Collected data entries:
-------------------------

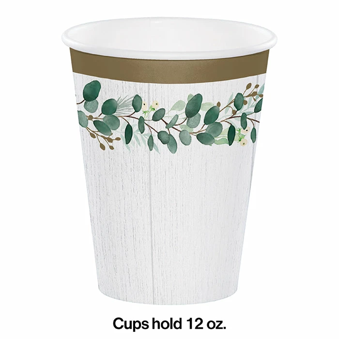 Details: Make a special toast to the happy couple when you use the Eucalyptus Cups. These sturdy paper cups hold 12oz and feature a eucalyptus garland and a green, white and gold theme. These disposable paper cups coordinate with all Eucalyptus party supplies. Our Eucalyptus Cups are perfect for event planners, caterers, and home hostesses alike.
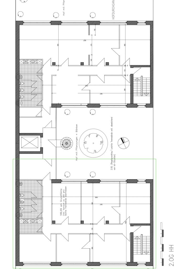 This building is a refurbished old building with 10 residential and 10 commercial units. The commercial tenants mainly use the rooms as offices or for training purposes and the commercial areas are located in the courtyard building on the ground floor and second floor.
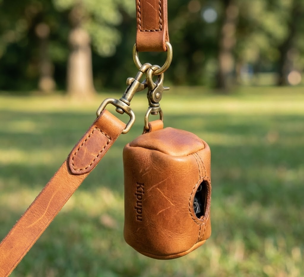 特色: 迷你精緻的皮革小包,使用與牽繩同等級皮革製作。可加上黃銅鉤扣掛在牽繩D環上,讓撿便便這件事也變得優雅。
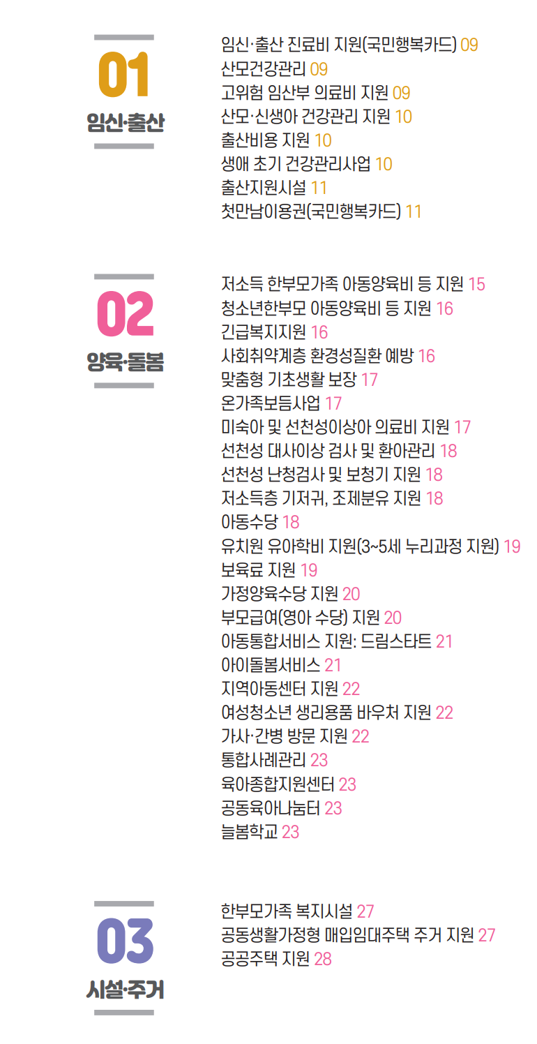 이는 임신·출산 진료비, 아동양육비, 주거 지원, 교육비 지원, 양육비 이행지원 서비스 등 한부모가족이 필요로 하는 다양한 지원을 상세히 안내를 포함한다.
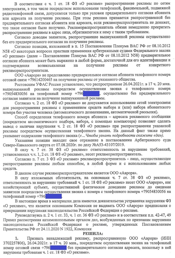 В соответствии с пунктом 1 статьи 18 Федерального закона от 13.03.2006 N 38-ФЗ (ред. от 23.07.2013) О рекламе (далее - ФЗ О рекламе) распространение рекламы допускается только при условии предварительного согласия абонента или адресата на получение рекламы. Своего согласия на получения данной рекламы мною дано не было. Считаю распространение этой рекламы нарушением ФЗ О рекламе.

-------------------------

## WORK TO COMPLETE
For this exercise, return the records above in full and exactly, omitting the images.

## SOLUTION TO THE EXERCISE
 Details: Make a special toast to the happy couple when you use the Eucalyptus Cups. These sturdy paper cups hold 12oz and feature a eucalyptus garland and a green, white and gold theme. These disposable paper cups coordinate with all Eucalyptus party supplies. Our Eucalyptus Cups are perfect for event planners, caterers, and home hostesses alike.
 This building is a refurbished old building with 10 residential and 10 commercial units. The commercial tenants mainly use the rooms as offices or for training purposes and the commercial areas are located in the courtyard building on the ground floor and second floor.
 特色: 迷你精緻的皮革小包,使用與牽繩同等級皮革製作。可加上黃銅鉤扣掛在牽繩D環上,讓撿便便這件事也變得優雅。
 이는 임신·출산 진료비, 아동양육비, 주거 지원, 교육비 지원, 양육비 이행지원 서비스 등 한부모가족이 필요로 하는 다양한 지원을 상세히 안내를 포함한다.
 В соответствии с пунктом 1 статьи 18 Федерального закона от 13.03.2006 N 38-ФЗ (ред. от 23.07.2013) О рекламе (далее - ФЗ О рекламе) распространение рекламы допускается только при условии предварительного согласия абонента или адресата на получение рекламы. Своего согласия на получения данной рекламы мною дано не было. Считаю распространение этой рекламы нарушением ФЗ О рекламе.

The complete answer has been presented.